I checked the back of my smoker and you were right there are no screws except for the handle mounts and a couple of screws on the bottom. I can see getting the back panel is going to be a pain.


----------



## tallbm (Mar 15, 2017)

johnnyb54 said:


> I checked the back of my smoker and you were right there are no screws except for the handle mounts and a couple of screws on the bottom. I can see getting the back panel is going to be a pain.


Yeah.

The best way I found was to straighten the lip on the metal sheet backing and then hammer a little of one side in, then switch to the other side.  Work down a little on each side and hammer it in little bit by little bit.  Once it is all back on as best as possible use 3-4 sheet metal screws on each side where the lip goes in and it will be secured.

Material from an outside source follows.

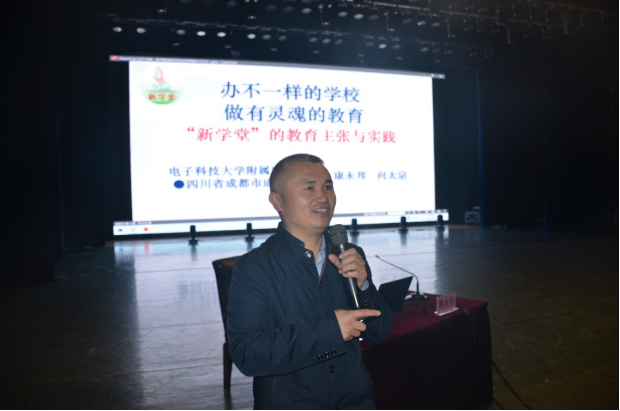 康永邦校长于1983年参加工作,1987年担任当地数学教研员,从那时起就一直在思考“什么样的教育是好教育?”。2002年通过竞争上岗成为一名中学校长,2007年担任电子科技大学附属实验小学党委书记、校长,拥有丰富的教学和管理经验。讲座中,康校长从“教育问题、教育主张、办学实践”三个方面分享了“办不一样的学校,做有灵魂的教育,新学堂的教育主张”。针对当前学生“体质差、情商低、思维能力弱”的现实问题,他提出了新的教育思考:一个理论、两个理念、三大目标、四大誓言、十三项改革。一个理论:五指理论,五个长短、粗细虽不一样,但每个指头都能找到自己的位置,教育应引导并帮助学生找到他们各自的位置。两个理念:一是动起来,让每个生命更精彩;二是心系健康,赢在习惯。三大目标:通过体育锻炼增强学生体质,达到“身体好”的目标;通过活动的开展培养学生自信、感恩、爱国的精神,达到“情商高”的目标;通过兴趣的驱动提升学生学习的兴趣,提升学生综合素养,达到“能力强”的目标。四大誓言:干部誓言——心存善念、先思先行、求实务虚、成人成事;教师誓言——立大志、重细节、师生共养好习惯;学生誓言——管住自己、立志成长、学好本领、报效祖国;家长誓言——家长好好学习、学生天天向上。康永邦校长对学校进行了十三项改革,通过一系列的举措达成培养德智体美劳全面发展的社会主义事业的建设者和接班人的育人目标。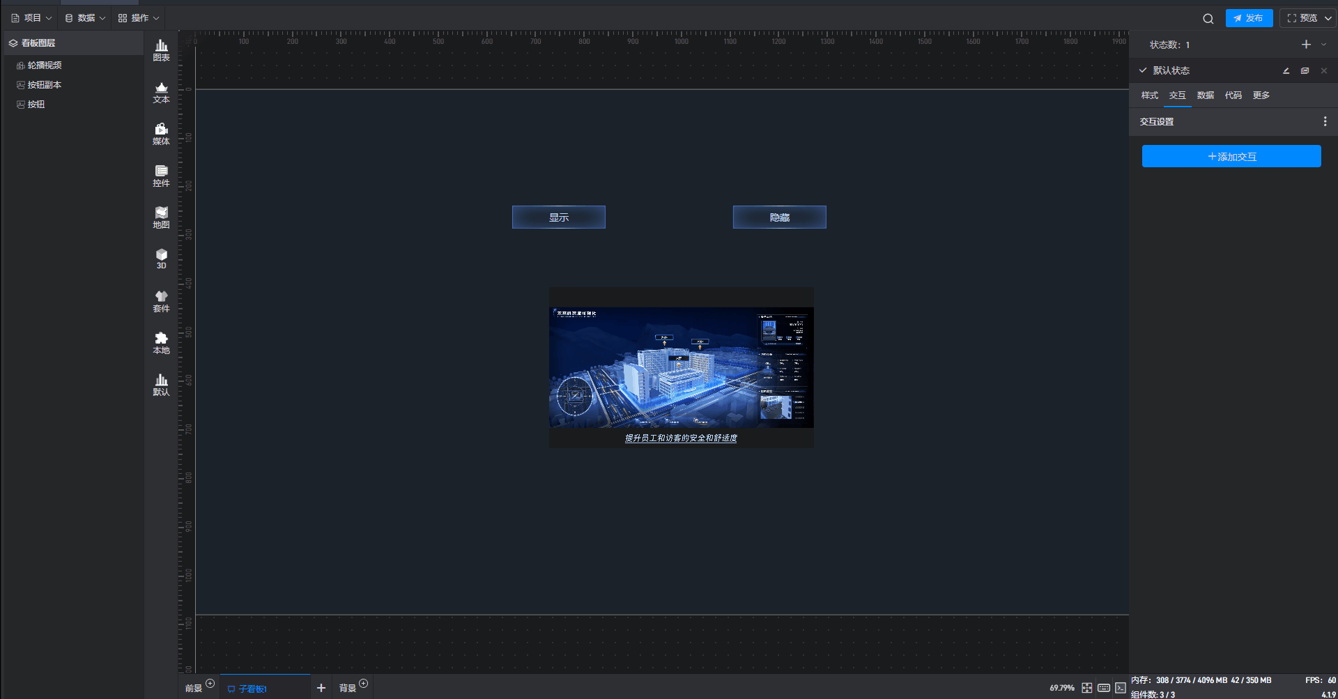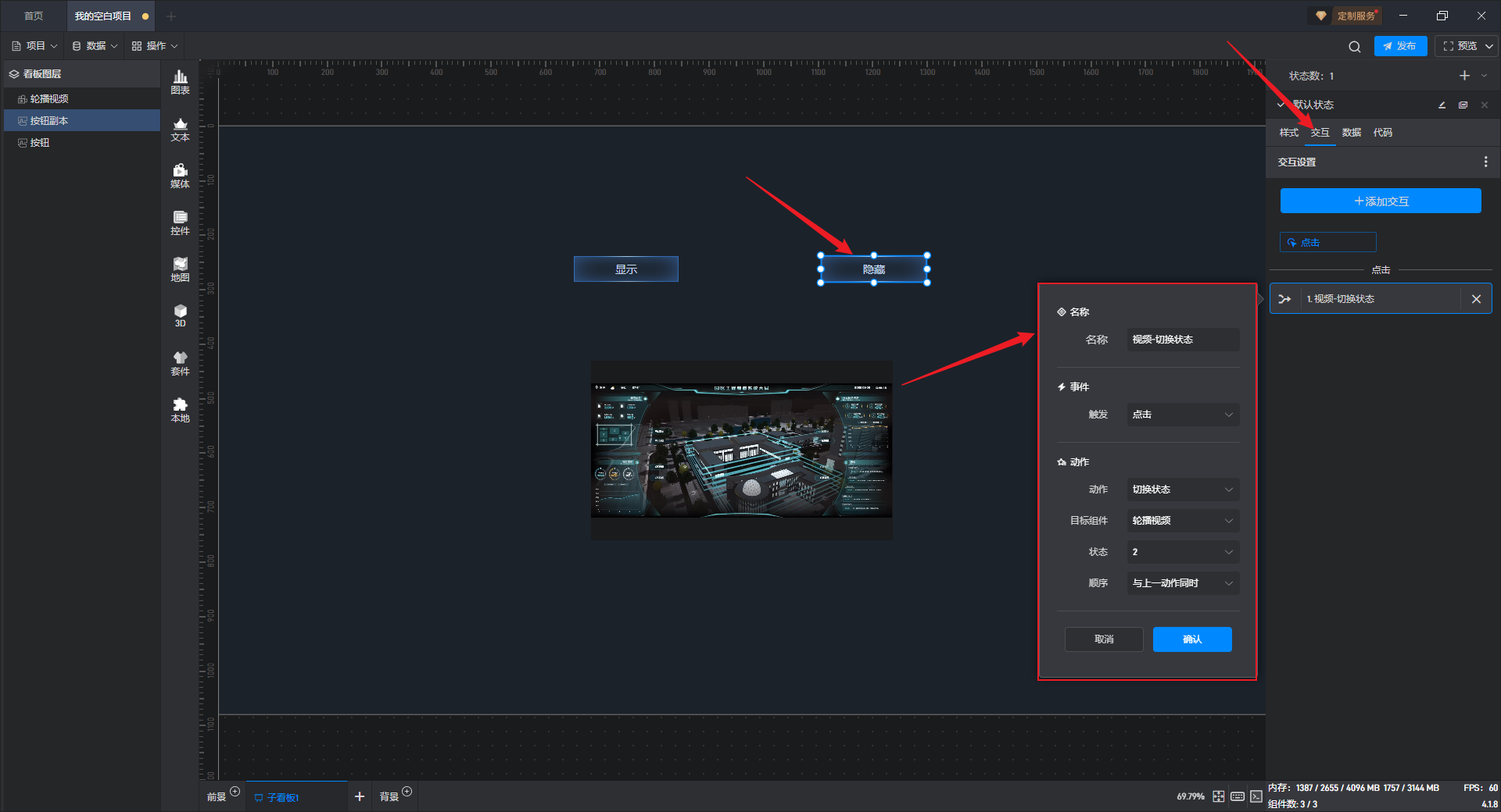 给隐藏按钮组件添加一个交互,点击后切换数据变化组件到隐藏状态。

The backing is by far the slowest and most annoying part but with a little time and methodical work you will get it back in place no prob :)


----------



## dr k (Mar 15, 2017)

johnnyb54 said:


> Bear, it's not the heat balance as I have no issue with that. The issue I'm not happy with is the wide temp swings. If I set the Masterbuilt temp for 150 I heat spike at 165-170 and it dips down to 145-140 before the element start to heat up the chamber. I'm used to smoking with lump coal so if I set my smoker at 225 it stays at 225. I know electrics are a different breed but if I can eliminate that swing that would make me a happy man.:yahoo:
> Thanks


I think Bear is right with putting in the bottom rack and a pan. The gen 2 allows heat up the door and back wall where the pan is open on all walls. The more metal between the sensor and element the more the metal radiates heat when the element shuts off, coasting past the set point and takes time to heat up and find a path to the sensor after it kicks on causing larger temp drops past the set point. Since I dont use the chip system. And use the amnps in a mailbox mod I got all unnecessary metal out between the heating element and sensor for shorter cycles in the pic below. The gen 1 40 I have had even more metal above and below the element than the gen 2 and 2.5. Just getting the slanted heat trap out should make a big difference on temp swings. I think that's why the gen 2.5 is more similar to the gen 1. 












CAM00898.jpg



__ dr k
__ Aug 28, 2016






-Kurt


----------



## tallbm (Mar 15, 2017)

@*johnnyb54*

Hey Dr K just brought up a good question in my Auber Pid post.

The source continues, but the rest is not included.